Again - the AI anxiety in the corporate world fuelled this, and not AI agents or any LLM by virtue of its technical and business use cases. However, the impact of hype is such that it makes company boards and managerial teams think they are not doing enough and could be left far behind.
However, "orchestration economics" doesn't ensure better labour standards in a flexible sense, and creates a lot of muddy waters, which companies like Meta and XAI did through their hiring spree of the AI talent, creating anxiety in the job market. Everyone "will know everything" as pointed out by Parmita Mishra, who is leading a AI and genetics startup, Precigenetics (see Fig. 8). How can India's so-called tech policy think tank geniuses in Delhi and Bengaluru justify such a market-bending and talent-distracting approach towards our AI talent, is beyond our understanding.

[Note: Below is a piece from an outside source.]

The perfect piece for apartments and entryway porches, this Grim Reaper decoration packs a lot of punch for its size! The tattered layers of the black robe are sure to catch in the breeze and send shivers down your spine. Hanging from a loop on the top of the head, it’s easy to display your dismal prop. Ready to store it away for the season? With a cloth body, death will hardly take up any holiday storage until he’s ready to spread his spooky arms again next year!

This further proves that the field of technology law due to the economics and reliability issues associated with large language models (or prediction machines) will become as complicated as taxation law sooner than before. It's just going to happen because of uncertainties created in the global markets by several key players.

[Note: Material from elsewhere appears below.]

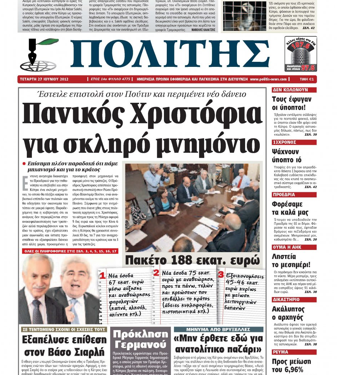 Ο Πολίτης στο πρωτοσέλιδο του «Εστειλε επιστολή στον Πούτιν και περιμενει νέο δάνειο. Πανικός Χριστόφια για σκληρο μνημόνιο.»

Plus, there will be an economic angle to this, which is important to be addressed, which is also addressed pretty neatly by Chip Joyce in this article (check the excerpt from his article in Fig. 9). Pure scaling isn't the correct approach, and it's better that the sophisticated possibilities around symbolic AI and explainability of ML systems is taken into regard while making way for better AI governance approaches in the global market.
Our Recommendations
Build effective business models around AI systems which involves truer multidisciplinary and technical expertise, not only in terms of who can build ML / AI systems which are more explanatory or workable, or but also in terms of who can create feedback loops to improve the human-AI intermingling of these ML / AI systems as a third-party stakeholder.
Data protection, cybersecurity and intellectual property laws are not ending, so do invest in contractual and cross-border market cooperation measures by building legal strategies that make sense for all sorts of teams in an AI startup and even larger enterprises. Respect and engage with domain experts in technology law, instead of relying on corporate lawyers who have no idea (for instance) how even a data processing clause or a privacy policy is developed. At Indic Pacific, we aim to help people with domain-specific needs, and if you need support, please contact us.
Unique datasets are key to enable better neurosymbolic AI solutions or LLM-based workflows which work within limited compute. Hence, if you feel that your idea needs time, validate it first through a solid technical and explanatory basis, and then think of a business scaling paradigm which doesn't force you to overinvest in AI compute due to market hype.
Engage in AI standardisation efforts by developing community-led feedback loops. This makes your market participation a bit more foolproof after you have achieved some technical breakthrough or throughput. Organisations like the Indian Society of Artificial Intelligence and Law, Data Science and AI Association of Australia and others engage in such practices, so you can contact them.
LLM Research is not ending soon, but it will plateau since market hype cycles are eventually broken. Hence, be prepared.